-- The data follows --

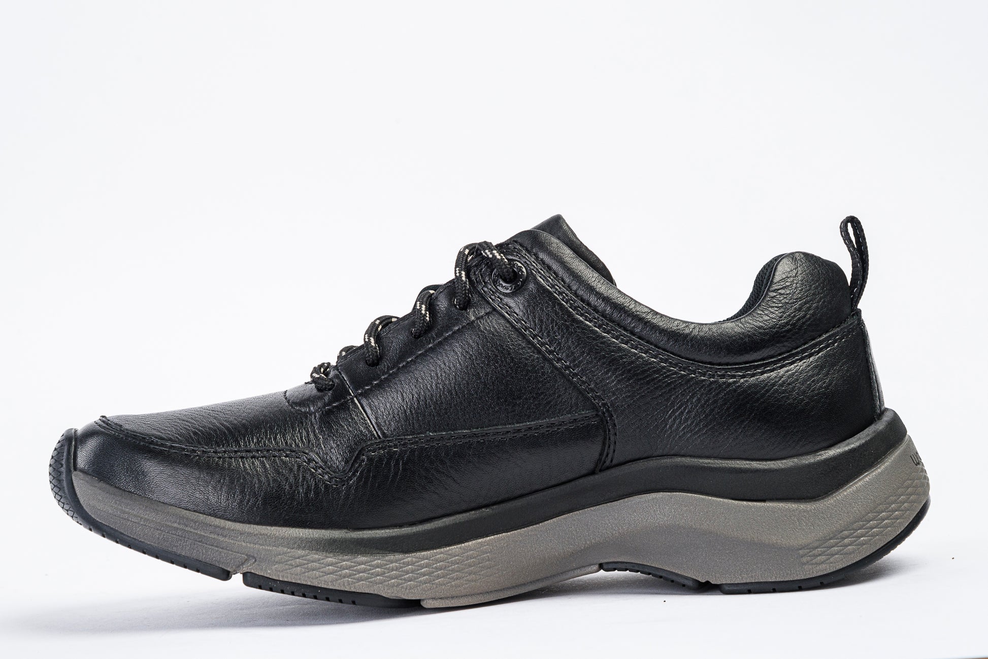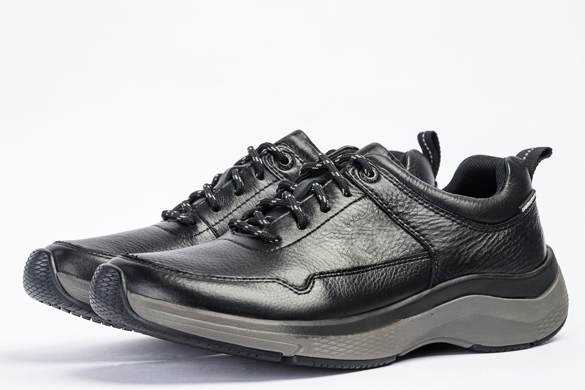 - Black textured leather upper with reinforced stitching
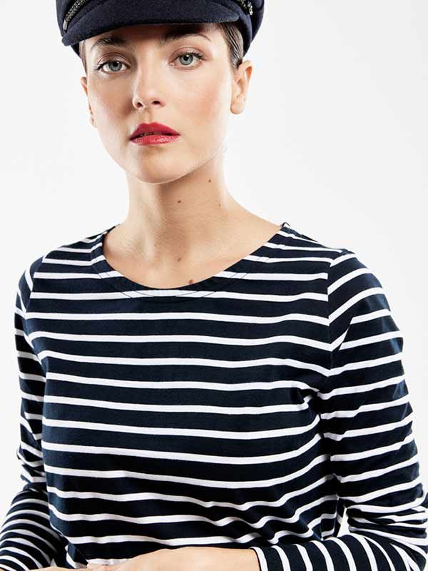 A classic light jersey cotton striped tee shirt for women by French label Armor Lux. Long sleeved round neck shirt in mainly dark navy with white stripes.
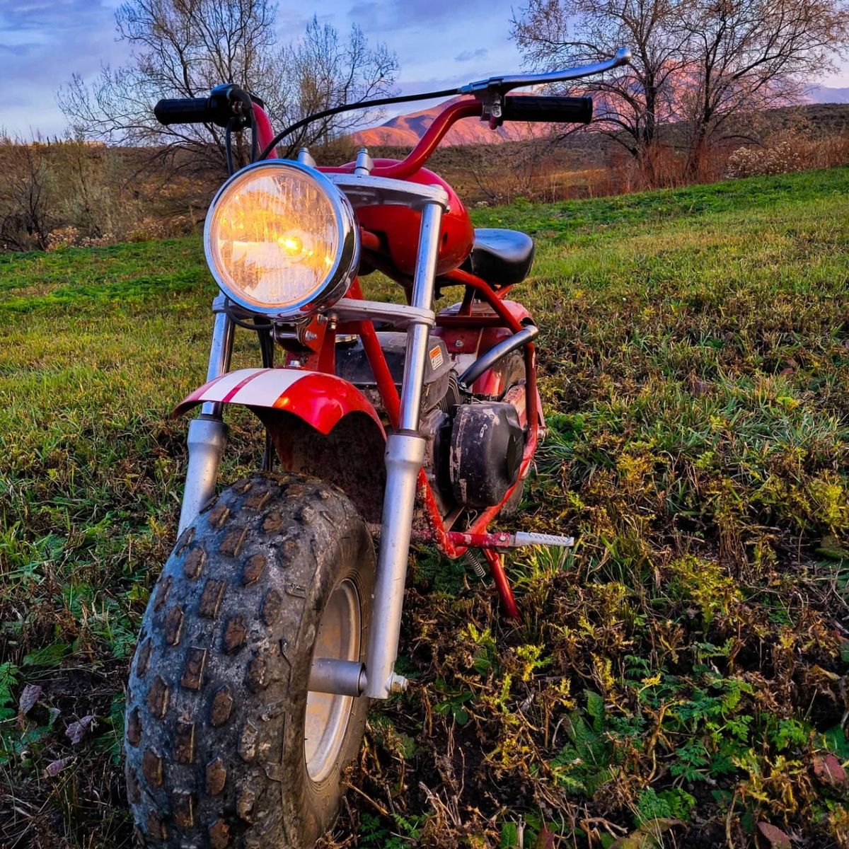I've got here a mini bike I bought brand new back in 2020. this bike has been equipped with a torque converter conversion kit. allowing it to rip up the mountains without any problem. it's perfect for riding up the mountains or trails and perfect for anyone who is looking for something fun for the summertime. ive recently replaced the carburetor and spark plug in it so it starts up right away and goes without issues
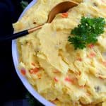 Using a hand-held potato masher, or a potato ricer, mash the potatoes leaving no lumps.
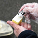 ▲「眼神のコート」を黄色いスポンジの白い面全体にしっかりと染み込ませて、塗り筋が残らないように一定方向に一度塗りで仕上げれば完成。塗布後24時間は触ったり、濡らしたりしないこと
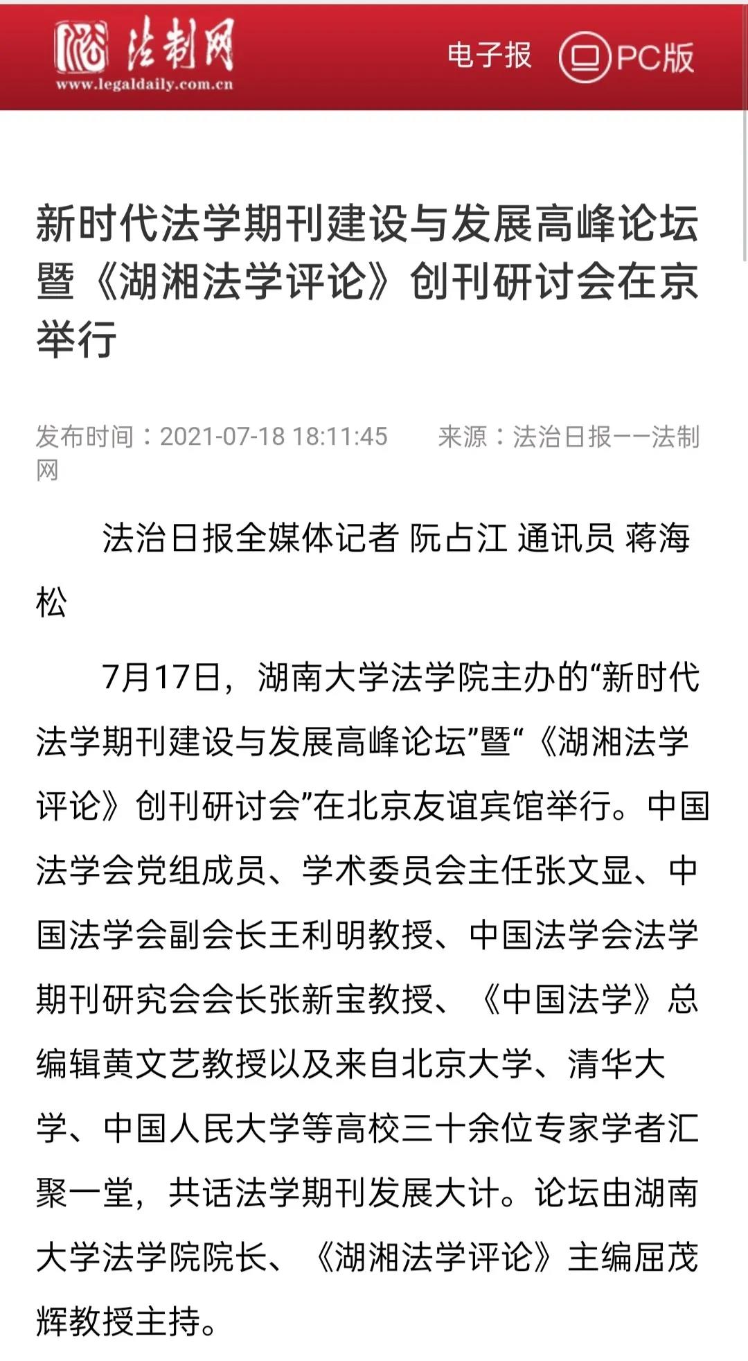 进行建设。2021年9月将首次出刊。《湖湘法学评论》将坚持正确的舆论导向和办刊方向,刊载法治建设理论成果和实践经验,突出实证研究特色,服务法学理论创新和法治中国建设。在《湖湘法学评论》创刊之际,举办研讨会,既为新刊的发展问计于各位专家教授,集思广益,也是为法学期刊界凝聚共识,推动创新发展。

-- The data concluded --

» **What the task asks**
The expected output is the complete listing, word for word, without any picture.

» **Expected answer**
 - Black textured leather upper with reinforced stitching
 A classic light jersey cotton striped tee shirt for women by French label Armor Lux. Long sleeved round neck shirt in mainly dark navy with white stripes.
I've got here a mini bike I bought brand new back in 2020. this bike has been equipped with a torque converter conversion kit. allowing it to rip up the mountains without any problem. it's perfect for riding up the mountains or trails and perfect for anyone who is looking for something fun for the summertime. ive recently replaced the carburetor and spark plug in it so it starts up right away and goes without issues
 Using a hand-held potato masher, or a potato ricer, mash the potatoes leaving no lumps.
 ▲「眼神のコート」を黄色いスポンジの白い面全体にしっかりと染み込ませて、塗り筋が残らないように一定方向に一度塗りで仕上げれば完成。塗布後24時間は触ったり、濡らしたりしないこと
 进行建设。2021年9月将首次出刊。《湖湘法学评论》将坚持正确的舆论导向和办刊方向,刊载法治建设理论成果和实践经验,突出实证研究特色,服务法学理论创新和法治中国建设。在《湖湘法学评论》创刊之际,举办研讨会,既为新刊的发展问计于各位专家教授,集思广益,也是为法学期刊界凝聚共识,推动创新发展。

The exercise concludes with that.